关雪曼自然也清楚,人家程嫂子一家再怎么随和热情,但程勇本身就是正师级领导,打个电话给厂里领导叮嘱多关照,已经算得上有情有义了,何必如此亲力亲为。
说到底,一切都是芝芝姐和姐夫特意吩咐的。
林纫芝笑:“程嫂子和程大哥都是好人,康康也是乖巧的孩子,你让黎叔黎婶别不好意思,遇上解决不了的麻烦就去军区家属院。”
斯人已去,她和阿湛做不了别的,只能尽量多帮忙照看黎家老两口,这也是黎启明最放心不下的。
他们夫妻确实有让程勇帮忙,但也没想到对方尽心尽力到这地步,只能说阿湛没看错人,她当初治疗康康也是值得的。
程勇是阿湛安排在金陵的眼线之一,在他调任前就已经该提拔的提拔,该换位置的换位置,有这些布局在,能保证他在京市也能掌控华东局势。
关雪曼面上答应了,心里却明白自己得醒目,她们麻烦程政委,最后人情还不是得芝芝姐和姐夫来还。

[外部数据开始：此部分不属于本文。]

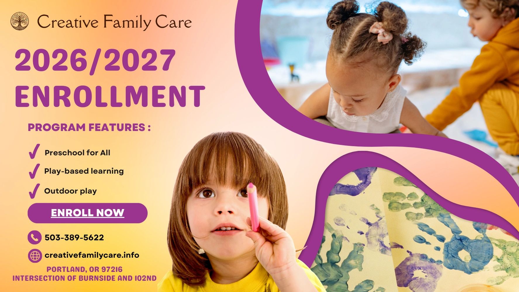 Creative Family Care proudly serves children of all abilities and partners closely with families to ensure individualized support and equitable access to early learning. Nutritious meals and snacks are provided daily, and low staff-to-child ratios ensure personalized, responsive care.

她迫不及待地想变得强大,成长到能帮助芝芝姐的地步。人大毕业生说出来很了不起,可在林家、周家这样的人家面前实在不够看。
所以关雪曼毫不犹豫争取公费出国的机会,用知识和能力武装自己,等她再回来,一定会比现在强,到时才有机会真正帮到芝芝姐。
“前往东京的CA919次航班,现在开始登机……”
一阵音乐声过后,广播声响起,分别用英语和普通话播报了一遍。
从京市去美丽国没有直飞,得经停东京、阿拉斯加,飞二十多个小时才落地肯尼迪机场。
“曼曼姨姨,这是西西最喜欢的洋娃娃,我给她起名叫Snow,跟你同个名字,你带着她就像宝宝陪在你身边。”
林纫芝温柔地看着女儿,“那个箱子里的是Snow的衣服,那几件歪歪扭扭的就是她和白白缝的,功课再紧张也不要忘了小雪人换衣服啊。”
关雪曼眼眶通红,咬着唇拼命点头:“不会忘的,姨姨一定每天把Snow打扮得跟西西一样漂亮。”
身后的老师再催了,白白上前轻轻抱了抱关雪曼,“曼曼姨姨,想家了就回来,宝宝和妈妈在京市等你。”
关雪曼再也忍不住,眼泪夺眶而出,紧紧把两个胖宝宝搂进怀里,大颗大颗的泪珠打湿了崽崽们的脖颈和衣领。